During the January–March quarter (Q4) of FY23, the country’s largest private sector lender mopped up over ₹1.5 trillion in deposits.
This is a record for the bank, which saw its deposit base touch ₹18.88 trillion. According to the bank’s disclosure to the exchanges, its deposits grew by 21 per cent year-on-year (YoY) in Q4, a multi-quarter high.
Sequentially also, deposits saw a growth — of 8.7 per cent. HDFC Bank’s deposit growth is much higher than the industry, which is growing around 10 per cent. However, the bank has fallen short of its yearly target of ₹4 trillion for deposits in a financial year.
In FY23, the bank mopped up ₹3.24 trillion, up 45 per cent compared to last year (FY22). It had earlier garnered over ₹1 trillion in deposits in a quarter only once since 2015. In Q4 of FY22, deposit mobilisation by the bank was ₹1.13 trillion.
“The over 1,500 branches likely to be added in FY23 will further give impetus to deposit mobilisation in FY24. For a ~4-trillion deposit mobilisation target in FY24E, HDFC Bank needs to achieve 25 per cent YoY growth in incremental deposits for FY24E. This is achievable in our view,” he added.
The bank set itself a target of mobilising ₹1 trillion in deposits every quarter, aggregating to ₹4 trillion in a financial year.
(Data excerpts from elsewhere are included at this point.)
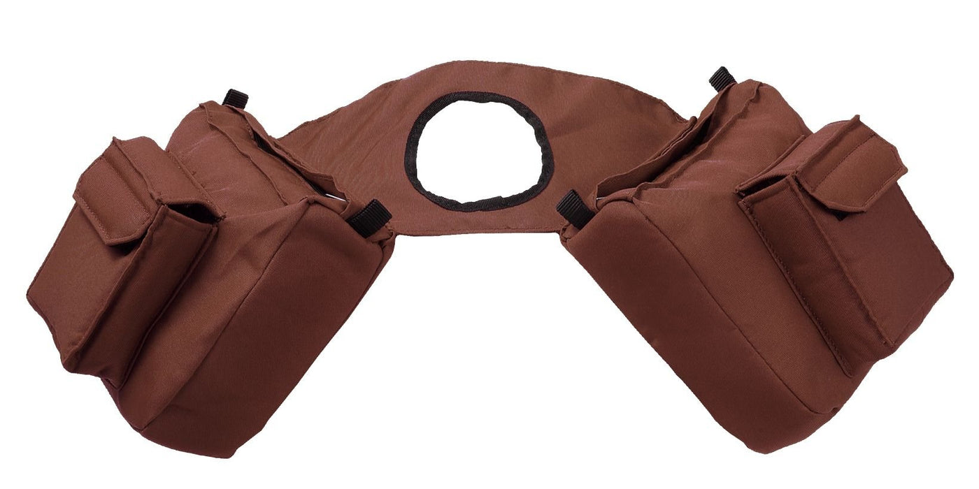 Heavy Denier Nylon Horn Bag. Two 8 X 8 X 3 Deep Pockets With Zipper Closure. Two 4 1/2 X 5 X 1 1/2 Deep Pockets With Quick Grip Closures.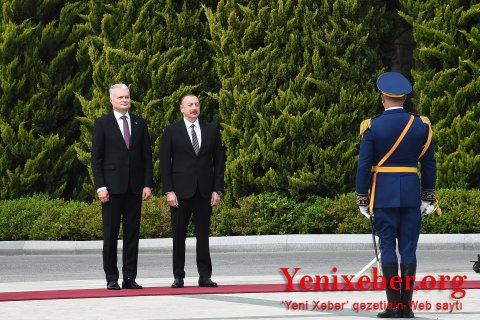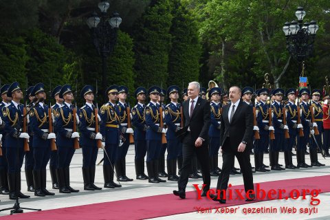 Yenixeber.org: Hər iki ölkənin dövlət bayraqlarının dalğalandığı meydanda Litva Respublikasının Prezidentinin şərəfinə fəxri qarovul dəstəsi düzülüb.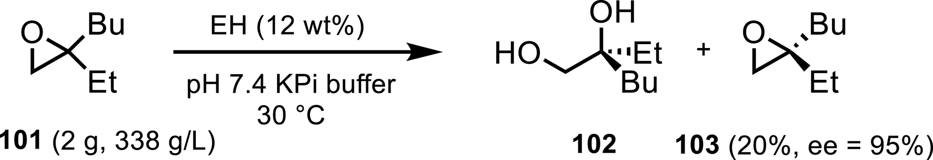 An epoxide hydrolase (EH) process was developed by GSK to resolve racemic epoxide 101, a key intermediate used to access the ileal bile acid transport (iBAT) inhibitor GSK2330672 (XVII) for type 2 diabetes and cholestatic pruritus (Scheme 44) [93]. The wild-type enzyme used for this reaction was identified from a panel comprised of literature and metagenomically sourced biocatalysts. This enzyme had sufficient activity and substrate tolerance to enable a 22 g scale-up with very high substrate loading (338 g/L). It was noted that enzyme engineering may be able to improve the selectivity of the enzyme to increase the yield of 103 while maintaining high enantioselectivity.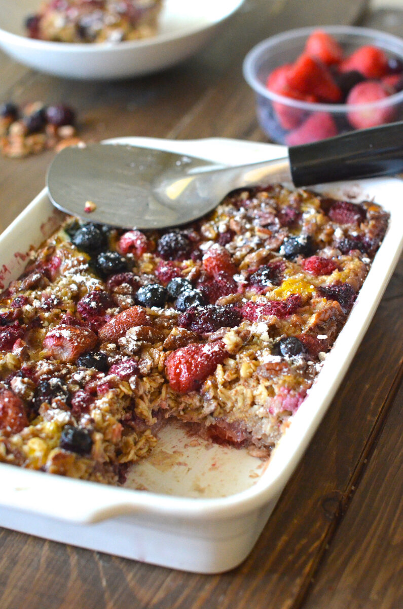 - Разогрейте духовку до 160 °C. Выложите тесто в форму для выпечки, застеленную пергаментом. Сверху распределите ягоды, слегка вдавливая, выпекайте 45 мин. Дайте немного остыть, присыпьте сахарной пудрой и подавайте.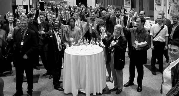 Délégués du Comité intergouvernemental pour la négociation de la Convention sur les polluants organiques persistants, saluant l'achèvement des négociations

This is because it would need approximately ₹3.5 trillion in deposits to maintain the 18–20 per cent growth it has sustained over the last few years on the asset sides.
Around ₹5–6 trillion of HDFC Ltd assets will also get added to the bank’s existing assets when the merger takes place.
HDFC Bank has requested the Reserve Bank of India (RBI) for a phased-in approach in respect of statutory liquidity ratio (SLR)/cash reserve ratio (CRR), priority sector lending (PSL), grandfathering of certain assets and liabilities as well as in respect of some subsidiaries.